[Start of Attachment]
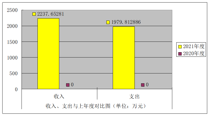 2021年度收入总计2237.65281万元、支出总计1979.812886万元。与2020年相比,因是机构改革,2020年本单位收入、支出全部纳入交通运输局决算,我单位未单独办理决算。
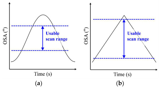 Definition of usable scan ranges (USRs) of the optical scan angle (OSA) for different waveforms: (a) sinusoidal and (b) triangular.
[End of Attachment]
[Start of Attachment]
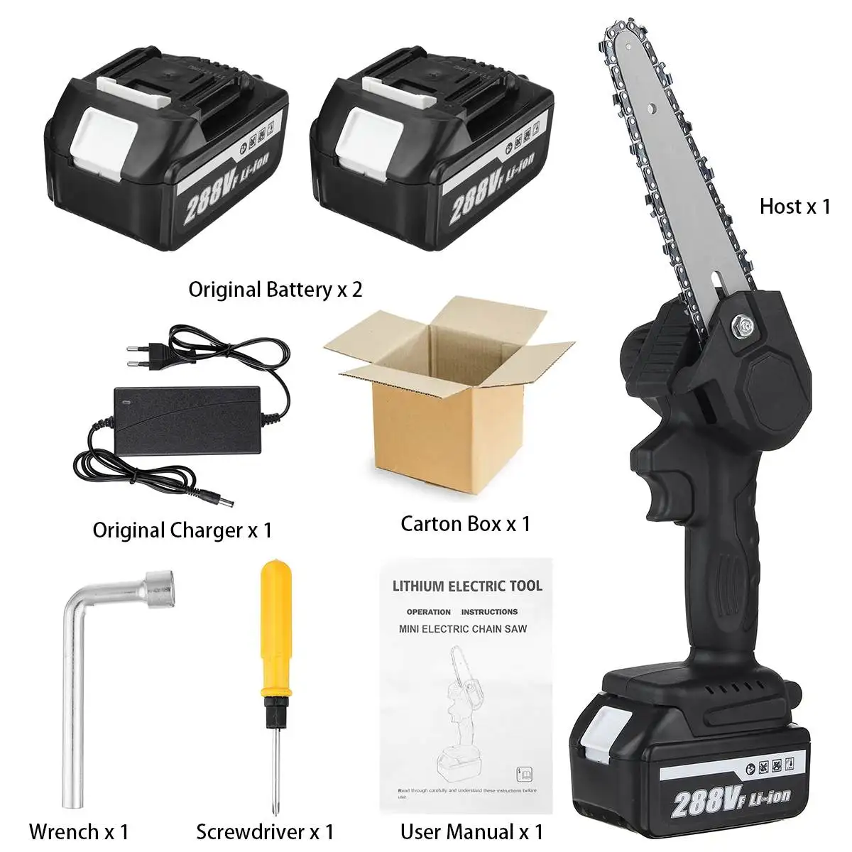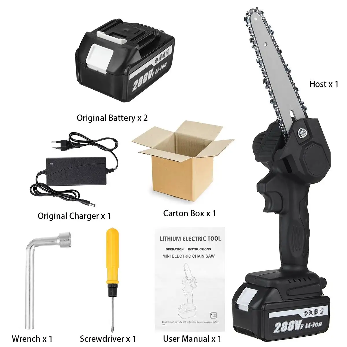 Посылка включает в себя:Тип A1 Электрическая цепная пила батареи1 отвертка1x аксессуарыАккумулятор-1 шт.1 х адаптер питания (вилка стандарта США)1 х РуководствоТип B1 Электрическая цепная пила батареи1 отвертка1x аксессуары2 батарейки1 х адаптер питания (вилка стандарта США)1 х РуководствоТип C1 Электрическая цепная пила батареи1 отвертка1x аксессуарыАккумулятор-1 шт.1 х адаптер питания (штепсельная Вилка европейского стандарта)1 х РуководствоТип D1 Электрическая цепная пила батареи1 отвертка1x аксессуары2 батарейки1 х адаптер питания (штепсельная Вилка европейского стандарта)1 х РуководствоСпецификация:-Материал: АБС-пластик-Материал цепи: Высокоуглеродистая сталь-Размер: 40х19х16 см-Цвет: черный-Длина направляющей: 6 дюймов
[End of Attachment]
What you will do =>
Lines wanted from the entries above: the one with "2021年度收入总计2237", the one with "Definition of usable", and all lines between. Please copy them exactly, without the pictures and without anything else.

Exercise output =>
 2021年度收入总计2237.65281万元、支出总计1979.812886万元。与2020年相比,因是机构改革,2020年本单位收入、支出全部纳入交通运输局决算,我单位未单独办理决算。
 Definition of usable scan ranges (USRs) of the optical scan angle (OSA) for different waveforms: (a) sinusoidal and (b) triangular.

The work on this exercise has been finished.